Scopriamo Molare nell’alto Monferrato ovadese tra castelli, boschi e vigne
“Giace a manca dell’Orba, e in vicinanza di esso, in una valle amena dell’alto Monferrato, a scirocco da Acqui, da cui è distante sette miglia”: così l’abate Casalis, storico piemontese dell’Ottocento, descrive il paese di Molare nel suo Dizionario Geografico Storico-Statistico-Commerciale degli Stati di S.M. il Re di Sardegna, edito a Torino nel 1856.

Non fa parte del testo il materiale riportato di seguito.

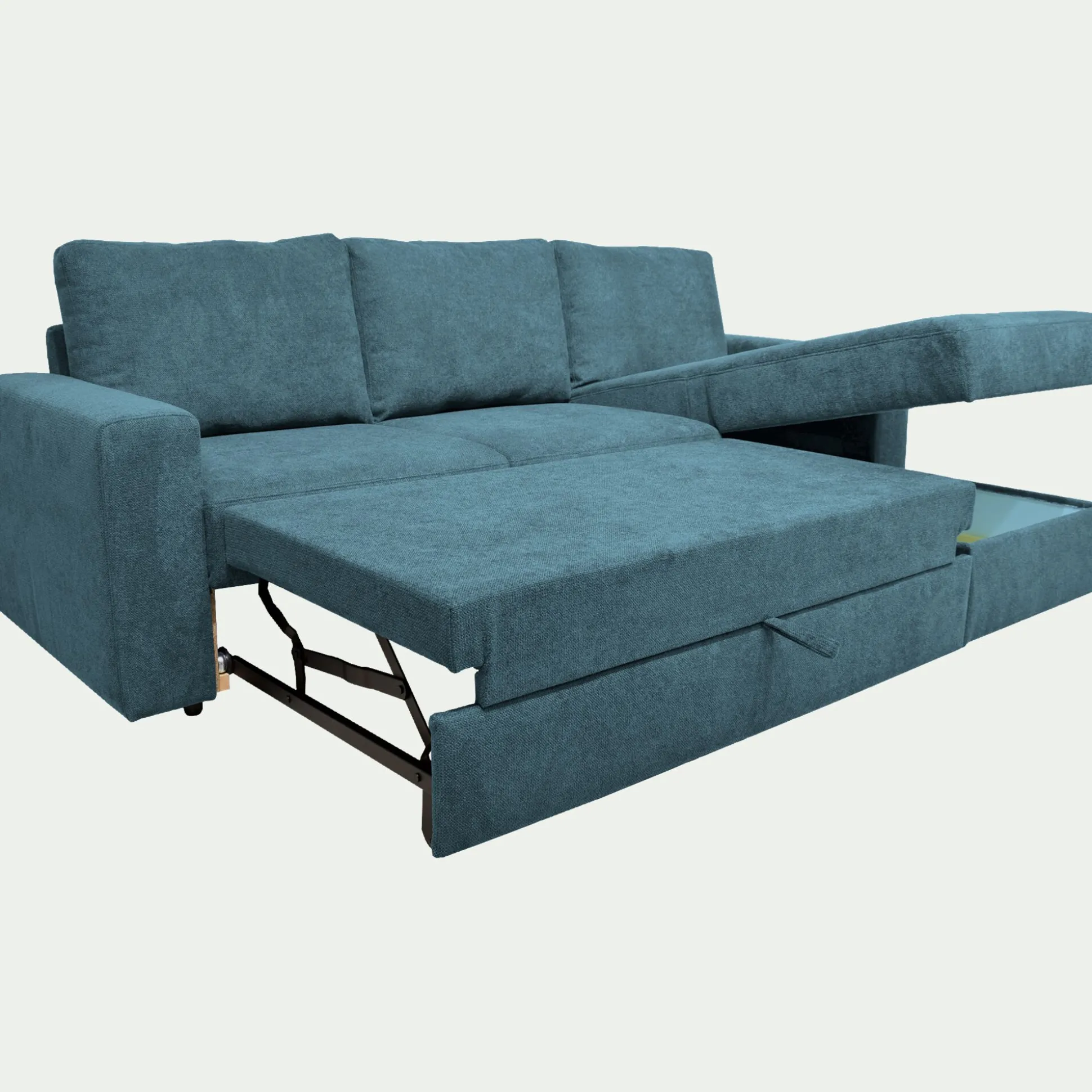 Ce canapé bleu arbore un coloris emblématique de notre palette méditerranéenne : le bleu figuerolles. Il rend ainsi hommage à notre belle région mais plus globalement au savoir-faire français grâce à sa fabrication locale. Le bleu est une couleur apaisante qui saura adoucir la décoration de votre salon tout en lui donnant du peps. Au-delà d’être un meuble décoratif, le canapé Honore présente de nombreuses caractéristiques pratiques. Ce canapé 4 places en tissu arbore une grande méridienne aux multiples visages. C’est tout d’abord un atout confort pour les soirées à la maison, mais aussi un espace de rangement bien dissimulé. En effet, la méridienne cache un coffre de rangement, parfait pour désencombrer votre salon. La méridienne de ce canapé d’angle est réversible : elle se place à droite ou à gauche du canapé selon votre aménagement. Enfin, c’est un canapé d’angle convertible. En un seul geste, un couchage de 140×200 cm fait son apparition et permet d’accueillir vos invités le temps d’une ou plusieurs nuits.

L’abitato di Molare, che deve probabilmente il nome a una cava di pietre da macina (“saxa molaria”) esistente in zona e documentata dal Casalis, è situato nel cuore dell’alto Monferrato ovadese, sulla sponda sinistra del tumultuoso torrente Orba che discende dalle balze appenniniche per andare a gettarsi nel fiume Bormida in prossimità di Alessandria. Dai suoli delle colline circostanti, vocati alla viticoltura, si ricavano uve da vino, esportato un tempo in gran copia verso i mercati di Milano e di Genova, come evidenziava già il Casalis, e che oggi danno vita, in particolare, al pregiato Dolcetto d’Ovada DOP (o Ovada DOP).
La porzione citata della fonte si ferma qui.